From: zfs-discuss-boun...@opensolaris.org [mailto:zfs-discuss-
boun...@opensolaris.org] On Behalf Of Yaverot

We're heading into the 3rd hour of the zpool destroy on others.
The system isn't locked up, as it responds to local keyboard input, and

I bet you, you're in a semi-crashed state right now, which will degrade into
a full system crash.  You'll have no choice but to power cycle.  Prove me
wrong, please.   ;-)

I bet, as soon as you type in any zpool or zfs command ... even list
or status they will also hang indefinitely.

Is your pool still 100% full?  That's probably the cause.  I suggest if
possible, immediately deleting something and destroying an old snapshot to
free up a little bit of space.  And then you can move onward...

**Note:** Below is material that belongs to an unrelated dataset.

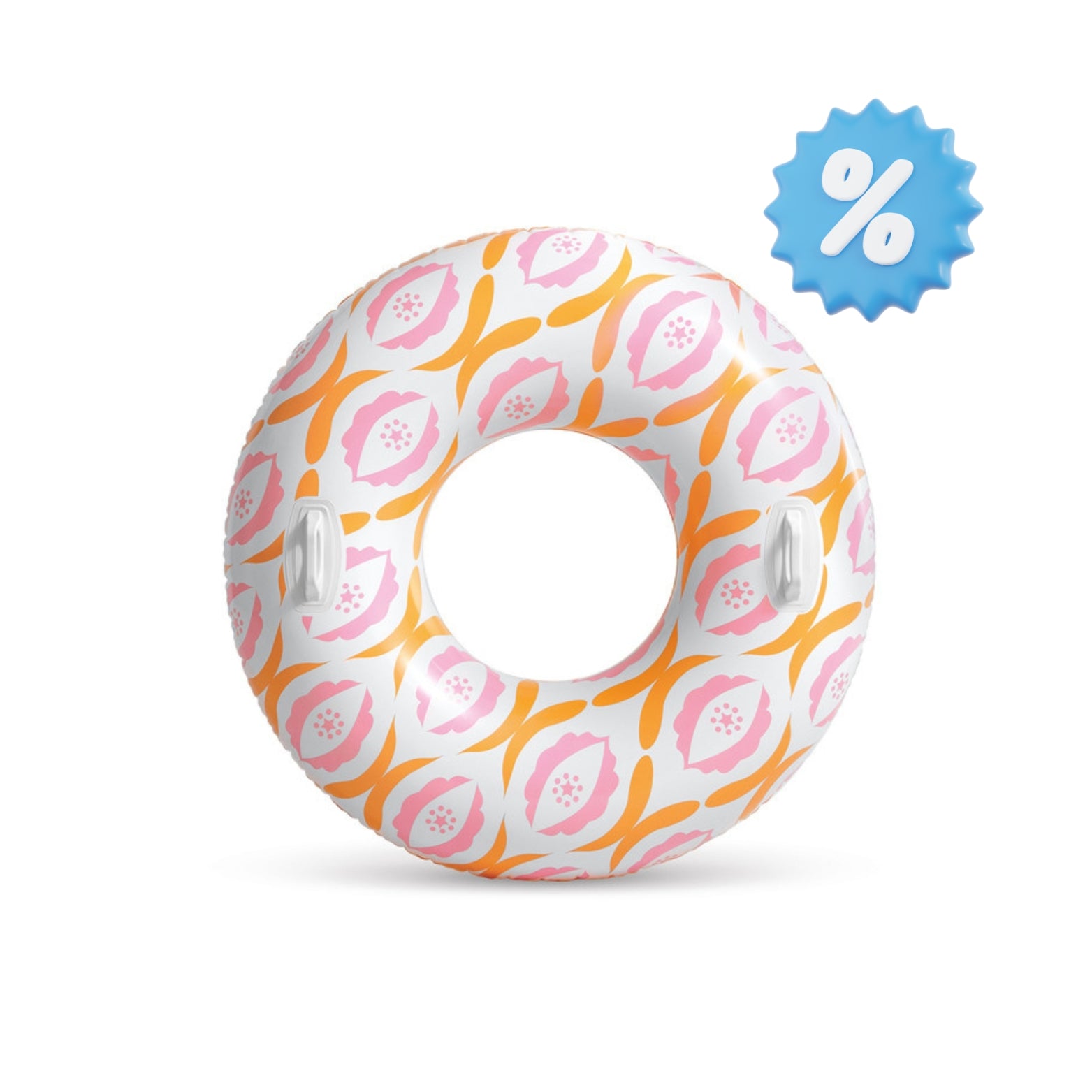 -Diseño: el flotador se compone de una cámara de aire con diseño moderno multicolor rosa y naranja de estilo vintage. Tiene agujero central y cuenta con dos asas de sujeción para mayor seguridad

While this destroy is running all other zpool/zfs commands appear to be
hung.

Oh, sorry, didn't see this before I wrote what I wrote above.  This just
further confirms what I said above.



zpool destroy on an empty pool should be on the order of seconds, right?

zpool destroy is instant, regardless of how much data there is in a pool.
zfs destroy is instant for an empty volume, but zfs destroy takes a long
time for a lot of data.

But as mentioned above, that's irrelevant to your situation.  Because your
system is crashed, and even if you try init 0 or init 6...  They will fail.
You have no choice but to power cycle.

For the heck of it, I suggest init 0 first.  Then wait half an hour, and
power cycle.  Just to try and make the crash as graceful as possible.

As soon as it comes back up, free up a little bit of space, so you can avoid
a repeat.



Yes, I've triple checked, I'm not destroying tank.
While writing the email, I attempted a new ssh connection, it got to the

Last

login: line, but hasn't made it to the prompt.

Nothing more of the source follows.